La sua facciata principale archiacuta del Quattrocento si articola su due piani (oltre al pianterreno e il sottotetto): è asimmetrica a causa della peculiare struttura del campo e caratterizzata da una pentafora con pilastri in marmo rosa di Verona (affacciantesi su un poggiolo colonnato), impreziosita da inserti marmorei a cerchio e rilievi scultorei e soverchiata da altorilievi bizantini del X secolo. Al secondo piano si nota una trifora centrale, mentre le rimanenti finestre, a parte quelle del solaio, sono monofore con cuspide ogivale. Il retro del prospetto si contraddistingue da due balconcini, al primo e secondo piano, con vedute e porte finestre ad una sola apertura.[1]
L'interno dell'edificio si raggiunge con una rampa di scale dell'epoca che porta al piano nobile. Qui si evidenzia il fastoso salone di rappresentanza, arredato con mobilia di antiquariato, pregiati tappeti, dipinti del XVIII secolo (degli artisti Niccolò Bambini, Antonio Molinari e Giuseppe Diamantini), ricchi lampadari in vetro di Murano ed elaborati stucchi settecenteschi che decorano le pareti ed il soffitto. L'ampia sala[2] prende luce dalla pentafora che dà sul campo.
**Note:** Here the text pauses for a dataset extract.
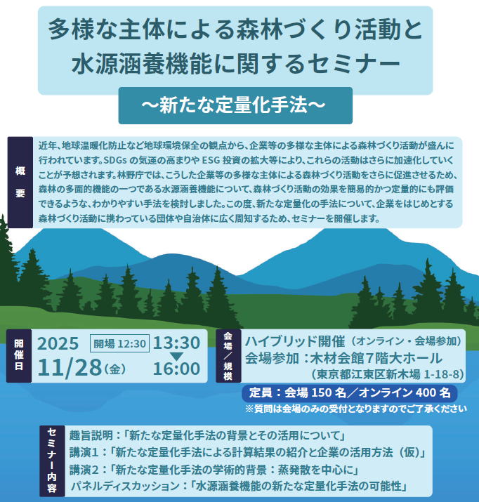 | 多様な主体による森林づくり活動と水源涵養機能〜新たな定量化手法〜(2025/12/1) |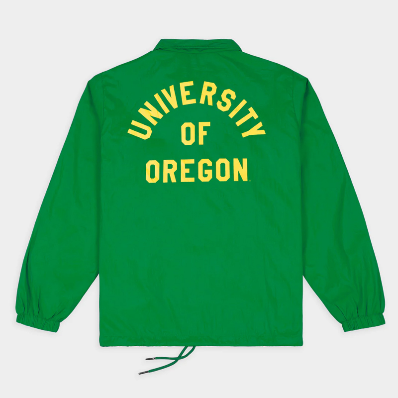 The Oregon Ducks Vintage Logo Coaches Jacket provides two practical slanted waist pockets for daily use along with pocket spaces inside to hold valuables securely. Your commitment to Oregon Ducks athletics shines through the chest logo while the back displays the written text of “University of Oregon”.

L'elegante costruzione, già di proprietà della dogale famiglia Gritti (vi risiedette il settantasettesimo Doge della Repubblica di VeneziaAndrea Gritti, 1523-1538), in seguito alle nozze, nel 1591, tra Lucrezia Gritti e Tommaso Morosini, entrò a far parte del patrimonio immobiliare della famiglia di quest'ultimo. Nel 1729 il matrimonio tra la loro discendente Elisabetta Morosini, nipote di Tebaldo, con Sebastiano Badoer, sancì, per questi, la proprietà del palazzo. L'aristocrazia veneziana di solito preferiva avere la residenza ufficiale lungo il Canal Grande, tuttavia alcuni blasonati (spesso di rami cadetti) optavano per luoghi più tranquilli, comunque non lontani dal Palazzo ducale e da piazza San Marco.[3]Durante gli anni della metà del XIX secolo, infine, i Badoer-Partecipazio vendettero lo storico palazzo ai marchesi Saibante.[4]L'edificio ha subìto, recentemente, un radicale restauro esterno ed interno.
Il pittore e incisore veneziano Jacopo de' Barbari (1470-1516 circa), nella sua xilografiaVeduta di Venezia, realizzata nel 1500, frappose, tra le molte altre, anche una veduta del campo de la Bragora con il palazzo Gritti. Lo scrittore britannico Michael White ha inserito il palazzo-hotel nella trama del thrillerIl segreto dei Medici.[6]